**Data provided**.
══════════

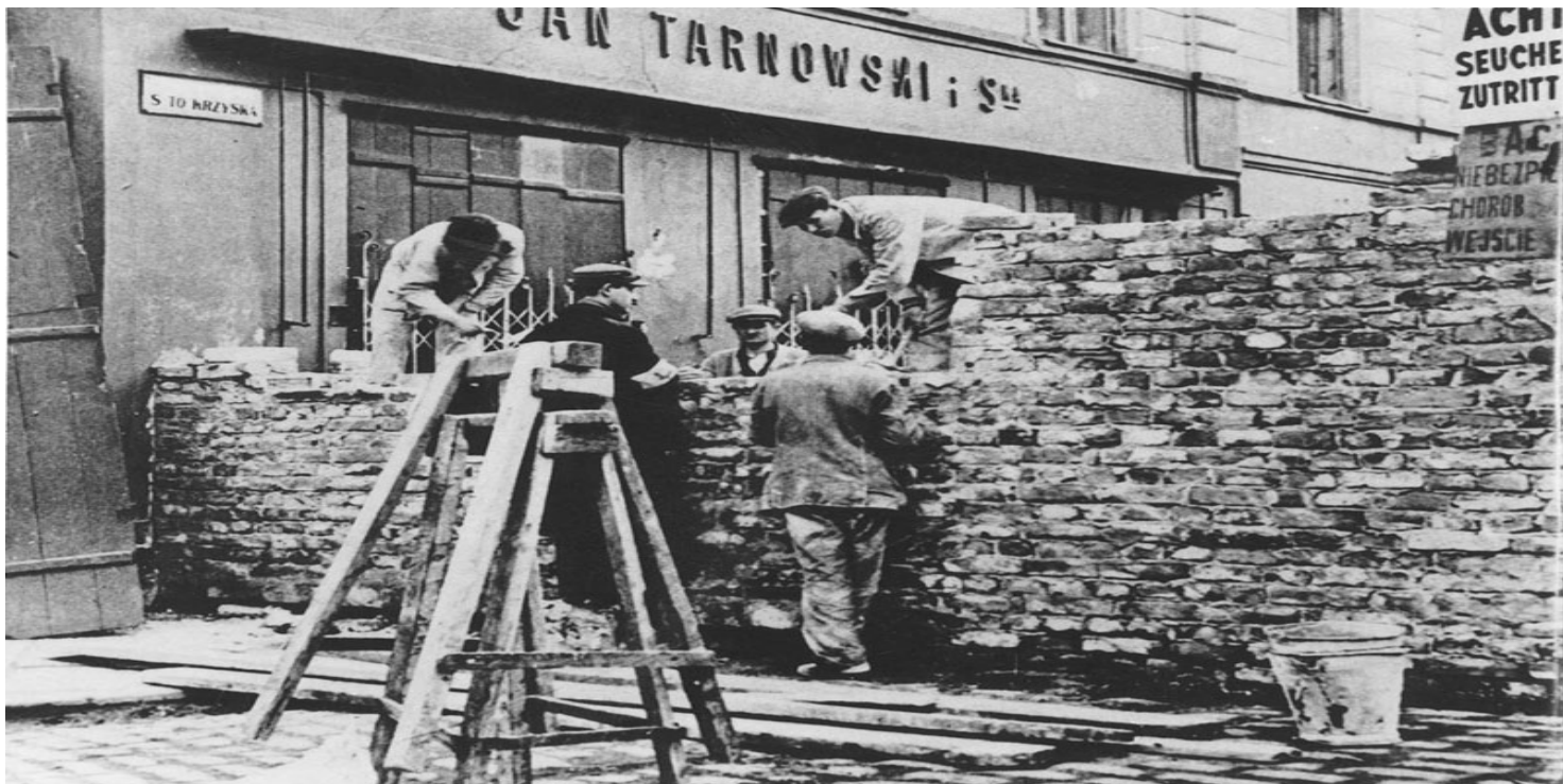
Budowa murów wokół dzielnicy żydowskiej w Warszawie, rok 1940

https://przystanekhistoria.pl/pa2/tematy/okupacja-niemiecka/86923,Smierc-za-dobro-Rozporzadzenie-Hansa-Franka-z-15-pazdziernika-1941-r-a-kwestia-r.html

══════════

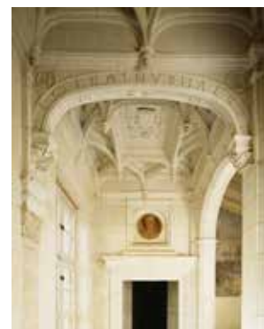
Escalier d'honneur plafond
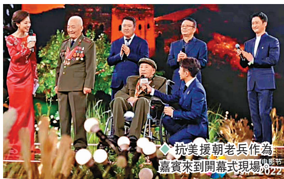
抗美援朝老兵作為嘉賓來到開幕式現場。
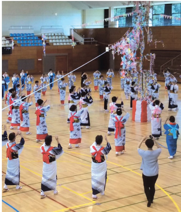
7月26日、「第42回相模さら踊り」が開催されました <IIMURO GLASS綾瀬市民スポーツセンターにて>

══════════

Both the line above containing "抗美援朝老兵作為嘉賓來到開幕式現場。" and the line containing "7月26日、「第42回相模さら踊り」が開催されました <IIMURO GLASS綾瀬市民スポーツセンターにて>" belong in the copy, along with every line between them; print these exactly and omit the pictures.

**Task response**.
抗美援朝老兵作為嘉賓來到開幕式現場。
7月26日、「第42回相模さら踊り」が開催されました <IIMURO GLASS綾瀬市民スポーツセンターにて>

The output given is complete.